Are subprime consumer lenders headed for a reckoning?

Banking industry executives are confident that their consumer loan portfolios are holding up, but nonbanks that lend to Americans with lower credit scores are starting to see cracks.

The deterioration in credit is prompting investors to take a more cautious view of certain lenders and is already contributing to funding issues for at least one company. Upstart Holdings, a digital consumer lender, said last month that the marketplace where it sells consumer loans to investors was "funding constrained."

Other lenders that focus more on borrowers with below-prime credit scores — offering products such as auto loans, personal loans, credit cards and short-term buy now/pay later loans — are also starting to see more people fall behind on their payments. Higher loan delinquencies raise the risk that borrowers won't pay back their loans, and lenders will have to charge them off.

Affirm, Upstart and Afterpay, all of which offer credit to borrowers with below-prime scores, have reported rising delinquency rates in recent months.

"I don't think we're at the red-flag stage," said Michael Taiano, senior director at Fitch Ratings. "Maybe it's starting to turn a little bit yellow." 

The picture is different for banks, where CEOs were largely positive about the health of their higher-credit-score customer bases in recent earnings calls. The lending industry is "definitely seeing a bifurcation" in credit quality, Taiano said, with those that lend to people with stronger credit profiles faring better while nonprime lenders report rising delinquencies.

The credit deterioration is still in its early stages, and how far it goes will largely depend on whether the strong job market continues, Taiano said. Jobs ensure that borrowers have enough income to pay back their loans.

But high inflation is putting the U.S. in somewhat "uncharted territory," Taiano said, since Americans had far less debt in the 1980s, the last time inflation was around 9%.

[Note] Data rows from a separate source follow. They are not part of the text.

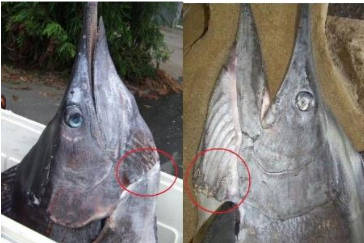
Figure 1: The shorter frill covering the gills in blue marlin (left) than black marlin (right) is diagnostic.

The New Zealand marlin ID project found several measurements that were useful for separating the three marlin species across the whole size range, however no single characteristic separated all three. The branchiostegal membrane or frill covering the gills is shorter in blue marlin (16% to 19% of body length) than in black and striped marlin (Figure 1). Black marlin have a shorter dorsal fin than striped marlin. While size, body shape and pectoral fins are still useful, a few quick measurements can confirm species where there is doubt. These species IDs were backed up by genetic analysis.
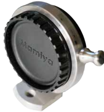
Mamiya to EOS
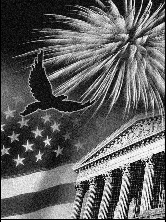
Get forms and other Information faster and easier by: Internet IRS.gov
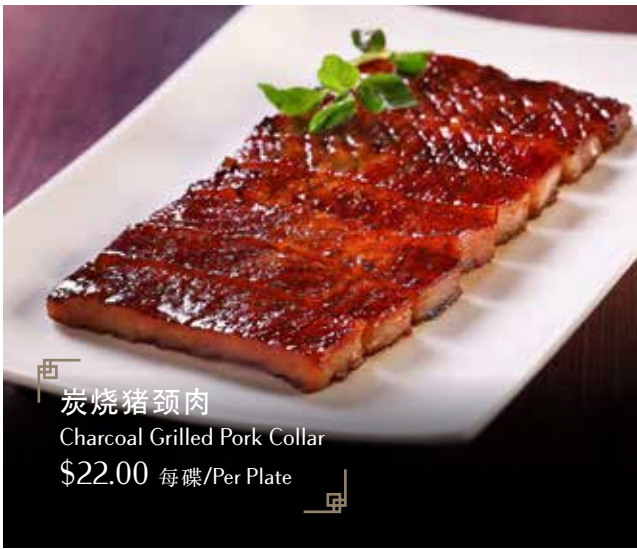
炭烧猪颈肉 Charcoal Grilled Pork Collar $22.00 每碟/Per Plate
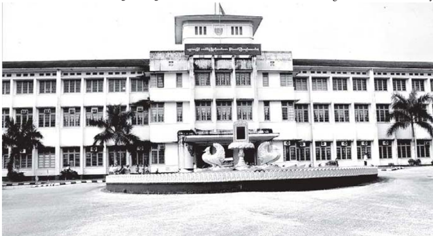
Photo shows Mawlamyine University after renovation.

Mawlamyine Inter-College in 1953. It was then upgraded to Mawlamyine College in 1963, Mawlamyine Degree College in 1981 and finally to Mawlamyine University in 1986. The university is conducting 19 undergraduate courses, 19 postgraduate courses, 15 postgraduate (Research) courses, and PhD course in marine science. Stu-
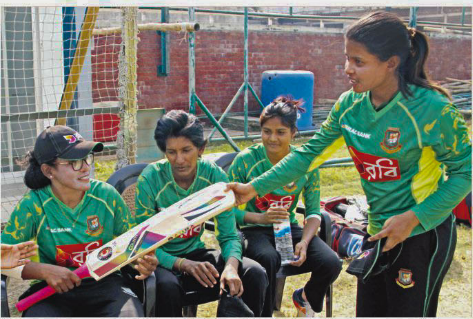
The Tigresses began their preparations at the BCB Academy Ground in Mirpur yesterday ahead of next month's 2017 Women's World Cup Qualifier.
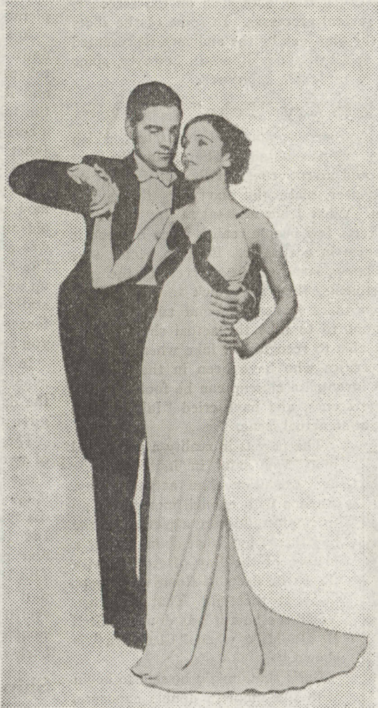
6 Gentleman stands slightly behind girl, holding her right hand in his right hand, his left arm lightly around girl's waist. Girl's left arm diagonally downward.
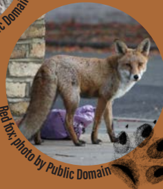
Red fox
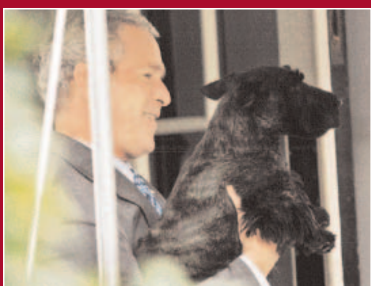
President Bush picks-up his dog Barney before walking into the main residence of the White House following his arrival, Wednesday, Oct. 15, 2008 in Washington.
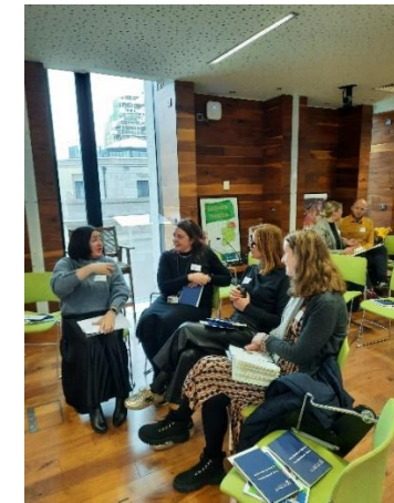
TCPID Business Partners working in groups
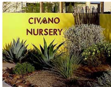
The entry to Civano Nursery's garden center in southeast Tucson, Arizona, served as design inspiration for CivanoNursery.com.

The site, redesigned by Ocotillo Design, integrates the nursery's three business lines—Garden Center, Tree Salvager, and Wholesale Nursery—within one online
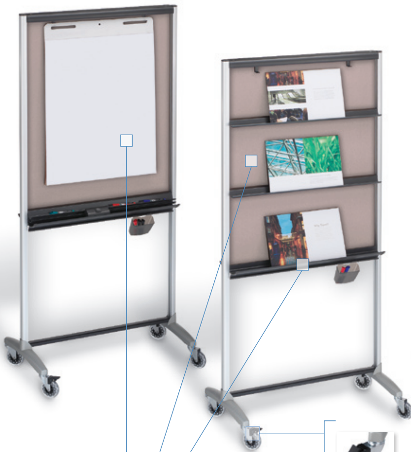
Two secure locking casters

Increased Communication. A double-sided board, the exceptionally designed Total Erase® surface evades stains and ghosting while the handy flipchart pad holder allows you to instantly communicate important messages.
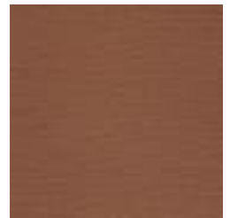
A65-433 COPPER WAY
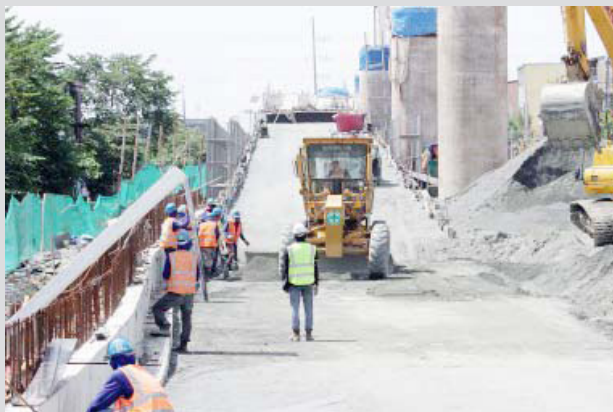
Construction site of the NLEX-SLEX Connector Project along Antipolo St. in Sampaloc, Manila

Three major projects under the Luzon High-Standard Highway Network are set to be completed this year, President Ferdinand R. Marcos Jr. said Monday.
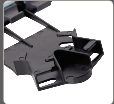
Close-up of pull tab
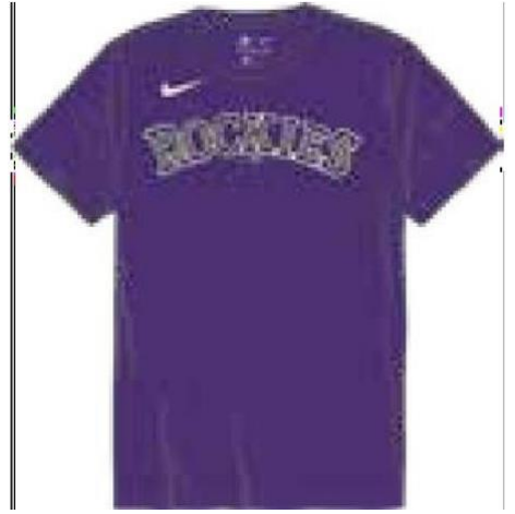
Colorado Rockies N223-51L-DNV-J74 NY23-51 L-DNV-J74 N199-51L-DNV-J81 NY28-51 L-DNV-J81
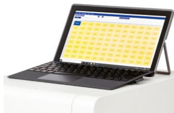
Figure 1: The Centro has a flat surface on its top, providing enough space to put down a laptop.
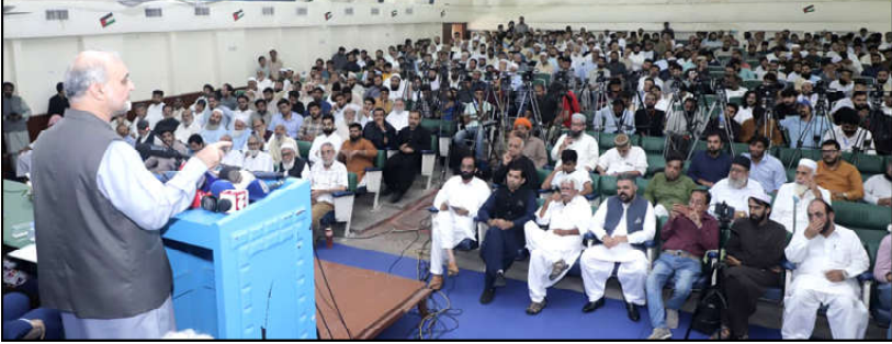
LAHORE: Jamaat-e-Islami Emir Hafiz Naem ur Rehman addressing the condolence reference held in memory of Late Professor Khurshid Ahmed at Mansoorah.

FAISALABAD/CHINIOT (APP): Federal Minister for Investment Board Qaiser Ahmed Sheikh said that the government and public representatives stand united on one platform to ensure complete rehabilitation of flood victims and despite difficulties, the flood-affected people would not be left alone. Talking to the media at Adda Pathankot in Chiniot, he said a comprehensive plan is being implemented for reconstruction and rehabilitation of affected areas so that relief can be provided to flood-hit families without delay. He said that the government has released a special grant of Rs.250 million which is being utilized on priority basis in flood-hit areas while more funds are also under consideration to complete rehabilitation process. The minister appreciated the contribution of philanthropists and local organizations.

Late payment rates on low-income borrowers' credit cards and auto loans are starting to approach pre-pandemic levels, the Federal Reserve Bank of New York said Tuesday.

A weakening of credit quality is also occurring in the unsecured personal loan business, which is geared a bit more toward borrowers with below-prime credit scores than the credit card market.

The percentage of personal loan borrowers who were at least 60 days late on their bills hit 3.37% in the second quarter, according to the credit reporting firm TransUnion. While that percentage remains a bit below historical averages, the 60-plus-day delinquency rate surpassed its pre-pandemic level of just above 3.10%.

Late payments are becoming more common in part because lenders earlier this year started offering more loans to nonprime borrowers, whose delinquency figures are generally higher, said Salman Chand, vice president at TransUnion.

The trend also reflects the fading impacts of assistance earlier in the pandemic — such as stimulus checks, loan deferments and expanded unemployment benefits — which helped keep many consumers afloat, Chand said.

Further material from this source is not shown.